Con este cuarto capítulo cerraremos el espacio que estamos dedicando en este serial a los temas cinematográficos relacionados con el llamado “conflicto vasco”. Hablaremos entonces del cine euskaldún que ha tocado el tema de las víctimas, entendiendo por víctimas, lógicamente (o así nos lo parece), a todas aquellas que han sufrido gravemente por ese conflicto y sus derivaciones: a las víctimas de los atentados (y secuestros, y extorsiones...) perpetrados por la banda terrorista ETA, pero también a las que lo han sido a manos del antiterrorismo ilegal llevado a cabo por el estado español. Todas son víctimas, y hacer distingos nos parecería deshonesto, siendo benévolos.

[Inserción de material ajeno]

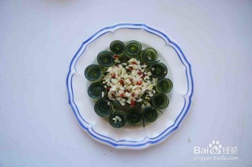 黄瓜卷起来,摆到盘中,上面放蒜末,用剪刀把红辣椒剪碎也放在上面。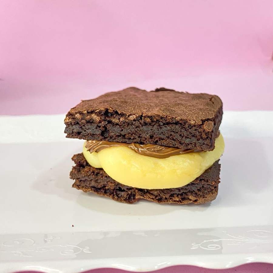Uma novidade de dar água na boca. Pedaços do nosso adorado Brownie, tornado ainda mais delicioso com um generoso recheio extremamente cremoso de Ninho ou brigadeiro, finalizado com Nutella purinha e morangos. Não hesite, peça já o seu e delicie-se com esta explosão de sabores!

Curiosamente, en las primeras muestras en términos cronológicos que se encuentran en la filmografía vasca sobre este asunto predominan las historias en las que las víctimas son antiguos militantes de la organización ETA, o vinculados a sus tentáculos "abertzales", que, tras un proceso de reflexión, deciden abandonar la lucha armada, o su periferia, para incorporarse a una vida llamémosle normal. En este sentido, en ese primer cine euskaldún sobre víctimas del conflicto nos encontramos con Amor en off (1992), primer y único film dirigido por el escritor Koldo Izagirre (que había participado en el guion de Días de humo (Ke arteko egunak), de Antxon Ezeiza, ya comentada), película que planteaba un peculiar triángulo romántico: la protagonista es novia de un preso etarra en el Penal de El Puerto de Santa María; la chica entabla una relación con otro hombre, alentada incluso por su novio para que rehaga su vida, pero el propio entorno “abertzale” les presionará duramente para evitarlo. Historia sobre la posibilidad, o no, de empezar de nuevo, y de la visión mojigata que, en cuestiones sexuales, mantiene en el fondo todo colectivo fanatizado como el llamado “conglomerado ETA”, se resintió de varios problemas, como la falta de experiencia de su novato director y la contradicción de que la productora fuera de corte “aberzale” y la moraleja resultara opuesta a sus postulados (lo cual no deja de ser un dato a favor de la cinta de Izagirre...).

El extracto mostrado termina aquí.